While model H yields the top performance for selected classes, it also performs rather poorly on others. Given that this model performs extremely well on detecting stroma in prostate tissue, one could argue that it specialises on capturing certain texture patters extremly well. When comparing models G and J we can make some interesting observations. On the given data sets model G performs consistently well in all of the tissue classes and has the lowest accumulative rank. Only considering the prostate samples model J is clearly the best. However, the performance of this model degrades on the breast cancer cases. Here, the interplay between model complexity and size of the data set needs to be taken into account. Later we discuss this issue in more detail. Overall, these results support our hypothesis that visual context and scale matters in histology image classification problems.

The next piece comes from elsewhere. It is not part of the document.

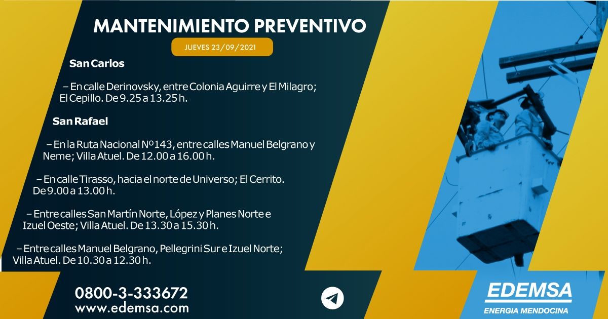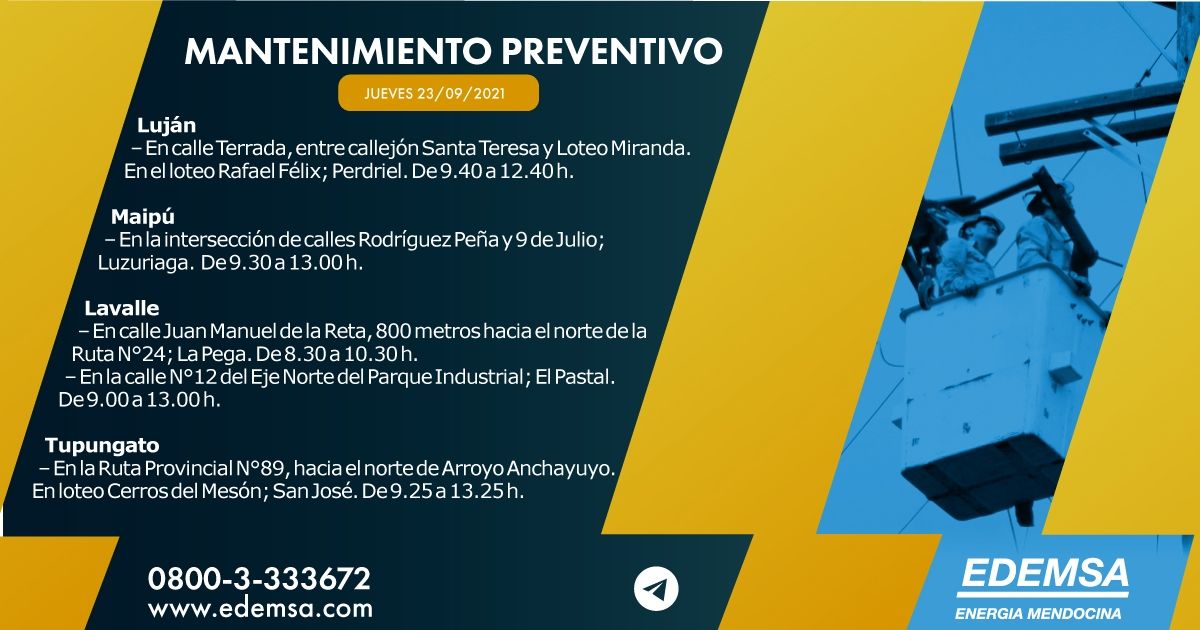 La Institución ha informado el cronograma de cortes de energía que pondrá en acción hoy, jueves 23 de septiembre, en su cuenta oficial de Twitter. Las interrupciones se producirán, en este caso, en seis departamentos mendocinos: Maipú, Luján de Cuyo, Lavalle, Tupungato, San Carlos y San Rafael; y serán para realizar mantenimiento preventivo.

Dataset Size and Makeup. It is crucial to mention that we observe a high degree of visual variation within each class in the breast cancer data. But each of these categories only contains a limited number of instances. This has two major consequences. When compared to the prostate experiments, all of the methods perform worse. More importantly, the breast cancer data set disadvantages more complex architectures. For example, consider method I and its counterpart with a significantly smaller number of parameters, method F. There is a dramatic drop in the performance of method I in relative to that of method F in most of the tissue classes. The same behaviour can be observed across a pair of methods J and G and a pair H and D in some of the tissue classes. This is why we need to interpret the results obtained on this breast data set with great caution.
Feature Integration. From Table 1, the models which utilise a LSTM unit (G and J) perform better than their counterparts with no LSTM (F and I) in most of the cases. Importantly, the LSTM unit also improves the resilience to noise. The direct comparison between models E and G shown in Fig. 3 shows the percentage change in the F1-measure when we contaminate the images with noise. As one would expect, G is more resilient to noise as the percentage of reduction in the performance is consistently smaller than that of strategy E across tissue classes in both datasets.
Computation Efficiency vs Accuracy. Especially when working on whole side images, computational efficiency needs to be taken into account. Here, memory usage and running time are important factors. In terms of the number of parameters, methods E, F and G and have a significantly lower number of parameters than H, I, and J. Based on the trend observed in the prostate dataset there is a possibility that when trained on more samples and longer methods I and J will yield an even better performance. On the other hand, methods E, F, G, I, and J run significantly faster than H (Table 1). In the medical context, the cost of running time has more weight than the cost of memory usage (number of parameters). As such, method H, which operates on the highest image resolution and full image dimensions, is considered very costly without offering significant improvement in the performance.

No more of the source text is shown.